By Daniel Biau, Daniel has been Deputy Executive Director of UN-Habitat, the City Agency of the United Nations, between 1994 and 2011
Across countries and centuries, this book explores a fundamental social and demographic change: the emergence of a planet of towns and cities. But it looks at this densification of human and economic relations through a specific lens, the increased connectivity triggered by strategic urban bridges.
As places of encounters and exchanges, bridges have played a major role in the urbanization of our planet. Through the history of twenty-four cities, The Bridge and the City explains how these monuments have influenced urban development over all continents. The most fascinating cities in Europe (Paris, Rome, Istanbul, Saint-Petersburg, London) all possess fantastic bridges. The same could be said about North American cities (New York, San Francisco) and cities in other regions of the world. Besides, the most famous bridges have almost always been erected at a critical juncture in the history of their host cities. It could be argued that “the bridge makes the city” because, in history, the city reaches a new dimension when its “grand” bridge is inaugurated. This was the case in Prague and Florence in the fourteenth century, in Mostar and Venice in the sixteenth century, in Paris and Isfahan in the seventeenth century, in Budapest, New York and London in the nineteenth century, and in Sydney, San Francisco, Kolkata and Shanghai in the twentieth century.

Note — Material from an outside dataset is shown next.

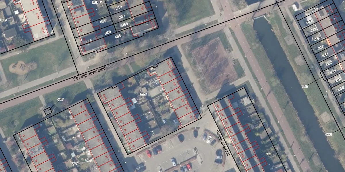 Sinderenstraat 109 is gelegen op kadastraal perceel WPK02L2327. Deze kadastrale aanduiding is uniek en wordt gebruikt door het Kadaster om eigendomsrechten en andere zakelijke rechten vast te leggen. Het perceel maakt onderdeel uit van de kadastrale gemeente Weesperkarspel.

Bridges can be seen as founding milestones, buttonholes and laces of the urban fabric, as well as signatures of the built environment. As architectural objects and engineering feats, they directly reflect the technical achievements and aesthetical values of their time, as well as the socio-cultural context of their construction. The Bridge and the City tells and illustrates a universal love story, over space and time, from Rome and its Ponte Sant’Angelo (134) and Paris and its Pont-Neuf (1607) to New York and its Brooklyn Bridge (1883) and Shanghai and its Nanpu Da Qiao (1991).
An ode to the world’s most beautiful bridges, apprehended in their diverse historical settings, The Bridge and the City is an analytical and visual treasure that will delight bridge and city lovers on every continent.